- _Data provided_:
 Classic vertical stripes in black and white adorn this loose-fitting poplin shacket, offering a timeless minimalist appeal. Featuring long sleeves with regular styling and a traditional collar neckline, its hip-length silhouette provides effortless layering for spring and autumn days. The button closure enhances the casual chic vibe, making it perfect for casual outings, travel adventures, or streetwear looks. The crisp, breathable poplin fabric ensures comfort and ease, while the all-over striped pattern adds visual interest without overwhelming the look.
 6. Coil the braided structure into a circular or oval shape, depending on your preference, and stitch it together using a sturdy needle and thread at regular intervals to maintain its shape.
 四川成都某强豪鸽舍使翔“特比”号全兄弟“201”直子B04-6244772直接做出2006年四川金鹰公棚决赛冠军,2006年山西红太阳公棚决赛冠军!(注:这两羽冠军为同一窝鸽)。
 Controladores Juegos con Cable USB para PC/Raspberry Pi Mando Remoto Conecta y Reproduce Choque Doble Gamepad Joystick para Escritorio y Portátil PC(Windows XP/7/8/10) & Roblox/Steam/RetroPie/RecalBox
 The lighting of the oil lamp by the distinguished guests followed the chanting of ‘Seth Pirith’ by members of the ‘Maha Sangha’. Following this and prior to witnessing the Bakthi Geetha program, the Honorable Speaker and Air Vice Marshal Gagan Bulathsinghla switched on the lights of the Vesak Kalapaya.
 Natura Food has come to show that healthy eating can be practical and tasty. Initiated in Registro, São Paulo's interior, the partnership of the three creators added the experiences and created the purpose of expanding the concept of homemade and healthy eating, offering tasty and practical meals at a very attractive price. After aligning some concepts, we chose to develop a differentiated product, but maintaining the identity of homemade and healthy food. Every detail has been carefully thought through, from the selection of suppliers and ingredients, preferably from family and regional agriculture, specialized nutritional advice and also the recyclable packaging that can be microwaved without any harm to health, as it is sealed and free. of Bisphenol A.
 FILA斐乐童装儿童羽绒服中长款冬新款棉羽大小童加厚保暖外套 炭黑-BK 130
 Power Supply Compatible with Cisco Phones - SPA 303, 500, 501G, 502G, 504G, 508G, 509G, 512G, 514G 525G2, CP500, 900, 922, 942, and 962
* * *
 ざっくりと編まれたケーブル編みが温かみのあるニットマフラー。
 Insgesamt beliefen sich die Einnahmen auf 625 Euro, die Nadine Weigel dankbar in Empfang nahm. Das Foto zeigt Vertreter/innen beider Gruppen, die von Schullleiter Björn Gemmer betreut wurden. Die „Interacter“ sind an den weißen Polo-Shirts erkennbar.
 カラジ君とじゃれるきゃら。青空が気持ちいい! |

- _Problem statement_: Would you quote everything above from the line containing "Insgesamt beliefen sich" down to the line containing "カラジ君とじゃれるきゃら。青空が気持ちいい! |"? Include both of those lines and nothing else.

- _Expected output_:
 Insgesamt beliefen sich die Einnahmen auf 625 Euro, die Nadine Weigel dankbar in Empfang nahm. Das Foto zeigt Vertreter/innen beider Gruppen, die von Schullleiter Björn Gemmer betreut wurden. Die „Interacter“ sind an den weißen Polo-Shirts erkennbar.
 カラジ君とじゃれるきゃら。青空が気持ちいい! |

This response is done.